The Perl Toolchain Summit needs more sponsors. If your company depends on Perl, please support this very important event.

NAME

windower.pl - Limit window of context around a target word specified in a Senseval-2 input file

SYNOPSIS

Suppose we have a very small Senseval-2 file (small-test.xml) with just 2 instances. We would like to limit the surrounding context to 5 words to the left and 5 words to the right of the target word:

 windower.pl small.xml 5

Output =>

 <?xml version="1.0" encoding="iso-8859-1" ?>
 <corpus lang='english' tagged="NO">
 <lexelt item="begin.v">
 <instance id="begin.555">
 <answer instance="begin.555" senseid="begin%2:30:01::"/>
 <context>
 greats hardly knowns and unknowns <head>begin</head> a game three month season
 </context>
 </instance>
 <instance id="begin.557">
 <answer instance="begin.557" senseid="begin%2:30:01::"/>
 <context>
 late november it expects to <head>begin</head> construction by year end and
 </context>
 </instance>
 </lexelt>
 </corpus>

This is from the first two lines of the file begin.v-test.xml. You can see the full contexts at /samples/Data.

Type windower.pl --help for a quick summary of options

DESCRIPTION

Limits the contexts of given instances to W tokens around the target word.

USAGE

windower.pl [OPTIONS] SVAL2 W

INPUT

Required Arguments:

SVAL2

SVAL2 must be a tokenized and preprocessed instance file in the Senseval-2 format.

W

Should be a positive integer number specifying the window size. windower will display only the tokens that appear in the window of [-W, +W] centered around the target word.

Optional Arguments:

--plain

Output will be displayed in plain text format showing context of each instance on a single separate line. i.e. each i'th line on stdout will show the context of the i'th instance in the given SVAL2 file. By default, output is created in Senseval-2 format.

--token TOKENREGEX

TOKENREGEX should be a file containing Perl regular expressions that define the tokenization scheme in SVAL2. windower recognizes only those character sequences from SVAL2 that match the specified token regex/s, everything else will be ignored. If --token is not specified, windower searches the default token.regex file in the current directory.

--target TARGETREGEX

Specify a file containing Perl regular expressions that define the target word/s. Target words must be valid tokens recognizable by the specified tokenization scheme (via --token or token.regex)

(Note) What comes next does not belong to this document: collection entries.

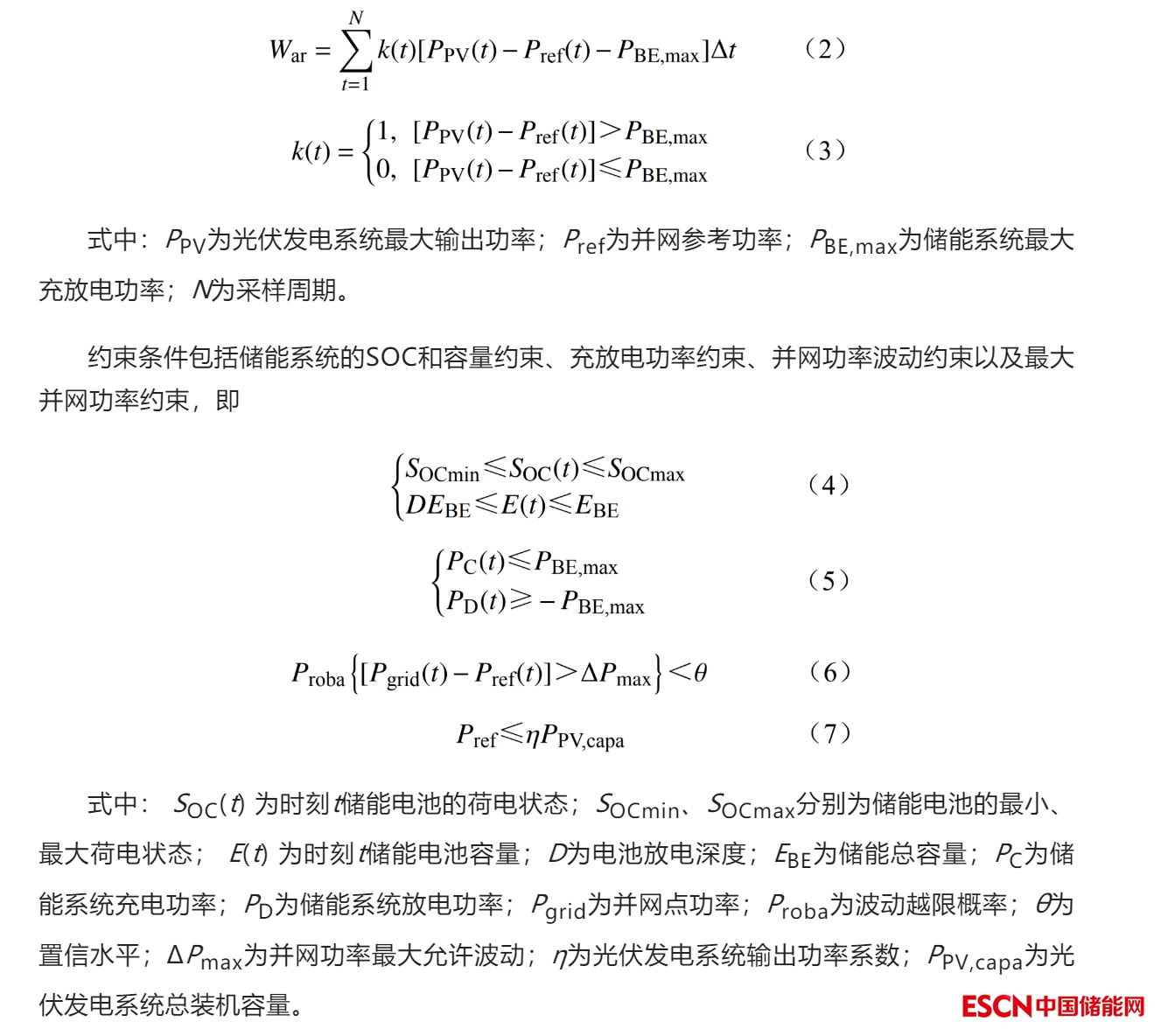 配置儲(chǔ)能以滿(mǎn)足系統(tǒng)并網(wǎng)需求,優(yōu)化并網(wǎng)光儲(chǔ)電站發(fā)電曲線,提升光儲(chǔ)電站消納能力。以光儲(chǔ)電站棄電量最小為目標(biāo),建立以電站日棄電能量損失為目標(biāo)函數(shù)的優(yōu)化模型,進(jìn)而對(duì)儲(chǔ)能容量進(jìn)行配置。儲(chǔ)能容量配置應(yīng)滿(mǎn)足白天光伏發(fā)電時(shí)段實(shí)現(xiàn)滿(mǎn)充,夜間放電時(shí)段結(jié)束時(shí),儲(chǔ)能系統(tǒng)存儲(chǔ)電能恰好放完,即每24 h進(jìn)行一次充放電循環(huán)。因此,僅考慮電池充電時(shí),光伏發(fā)電系統(tǒng)輸出功率與最大并網(wǎng)功率之差大于儲(chǔ)能系統(tǒng)最大充電功率時(shí),儲(chǔ)能系統(tǒng)無(wú)法完全吸收多余電量,需要對(duì)多余電量War進(jìn)行棄電處理。War表達(dá)式為
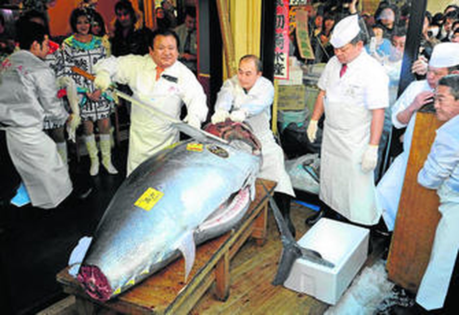 Diego Crespo es de la dinastía de los Crespo, almadraberos barbateños de toda la vida. Su familia tiene la concesión de tres de las cuatro almadrabas de la costa gaditana: Conil, Zahara y Tarifa. Los Crespo fueron los que empezaron a hacer negocios con los japoneses en los 70 y, en cierto modo, los japoneses salvaron la almadraba a la busca del gran cimarrón, el atún rojo que luego en las lonjas de su país se cotizaría a precios astronómicos. El animal tiene tratamiento de obra de arte. Kiyoshi Kimura, dueño de la mayor cadena de restaurantes de sushi de Japón, pagó en 2011 155 millones de yenes por un ejemplar de 222 kilos. 1,3 millones de euros. Jamás se había pagado una cantidad así. Pero es que el atún rojo es venerado en el sol naciente. Los japoneses matan por un pedazo de atún salvaje. Y el de Barbate es muy salvaje.
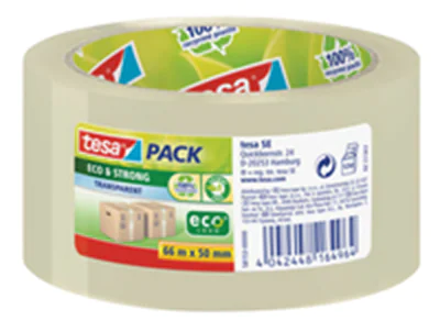 Das robuste und umweltfreundliche Verpackungsklebeband für sicheres Verpacken und Bündeln. Rollenkern aus 100 % recyceltem Karton. Klebemasse aus wasserbasiertem Acrylat.

Following are some of the examples of TARGET word regex files -

  1.  /<head>[Ll]ines?<\/head>/

    which specifies that the target word could be

     line, Line, lines or Lines 

    delimited in <head> and </head> tags.

  2. Above regex can also be specified as multiple regexes in TARGET as -

     /<head>line<\/head>/
    
     /<head>lines<\/head>/
    
     /<head>Line<\/head>/
    
     /<head>Lines<\/head>/

    with a single regex per line

  3. Regex

     /<head>\w+<\/head>/

    shows a more general regex for target words marked in <head> tags

  4. Regex

     /<head.*>\w+<\/head>/

    Shows the regex for matching target words in the original Senseval-2 data.

  5.  /[Ll]ines?/

    shows that any occurrence of words - Line, line, Lines, lines are target words (that are not delimited in any special tags).

Other Options :

--help

Displays this message.

--version

Displays the version information.

OUTPUT

When --plain is not selected, OUTPUT is in Senseval-2 format that looks same as the input SVAL2 file except the context of each instance shows atmost W words around the target word.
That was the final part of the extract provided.